A série pretende contar a história de James e Alyssa, interpretados por Alex Lawther e Jessica Barden. Dois adolescentes que seguimos desde os minutos iniciais do primeiro episódio quer nas suas acções, quer nos seus pensamentos. E logo aí temos o primeiro factor distintivo da série: acompanhamos dois planos que apesar de andarem juntos, nem sempre estão em conformidade – nem sempre o que pensam corresponde à forma como agem. São dois miúdos que nos fazem lembrar alguém com quem nos cruzámos na escola e que por se sentirem excluídos decidem tentar dar uma volta de 180 graus na sua vida. Como?! Vá, calma, não vou ser assim tão spoiler!! 😉

Do que vi até agora pude confirmar as opiniões positivas que já tinha lido, assim como as de alguns amigos que já me tinham dito para experimentar ver: é uma série completamente distinta de todas as outras pelo seu mix técnico e de narrativa. Por um lado, tecnicamente, é uma série que vive muito daquela fotografia “tipicamente” british, diria até mesmo vintage. Vemos muitas referências aos anos 80, 90 e até ao início do milénio nos carros, nas casas e até na música que vemos materializada nos gira-discos de vinil, por exemplo. Também a música tem um papel fundamental e é muito bem escolhida em função de cada momento: acentua bem este espírito retro e pontua na perfeição os momentos mais dramáticos e que muitas das vezes são também insólitos – quer seja com uma música francesa cheia de charme ou algo mais pop ou rock and roll. Já no que toca à narrativa, aquilo que mais me tem fascinado é sem dúvida o guião, repleto de criatividade, piada (há momentos em que parece que saímos por segundos do enredo para as personagens poderem brilhar por si com apenas uma tirada) e sarcasmo – muito longe daquilo que vemos em qualquer outra série. Ah, e não posso elogiar a narrativa sem elogiar a forma como decidiram dividi-la: em episódios com cerca de 20 minutos. É uma lufada de ar fresco e a única desvantagem que tem é que ficamos rapidamente à espera da temporada seguinte!

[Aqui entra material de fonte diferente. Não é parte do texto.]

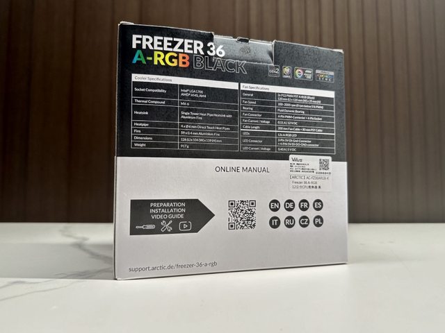 採用深黑色包裝,正面標示Freezer 36 A-RGB Black型號及散熱器輪廓,其中ARGB以醒目

As personagens principais, James e Alysa, merecem também um destaque, apesar de gostar mais de deixar estas considerações para o final das séries. São eles a construir a dinâmica da trama de episódio para episódio e até agora com muita personalidade. Mais uma prova de que a idade, por si só, não é um posto.

Agora desculpem que tenho o quinto episódio – e o sexto, sétimo e oitavo – para ver ainda hoje. E neste momento é algo que não consigo mesmo adiar 🙂

JM.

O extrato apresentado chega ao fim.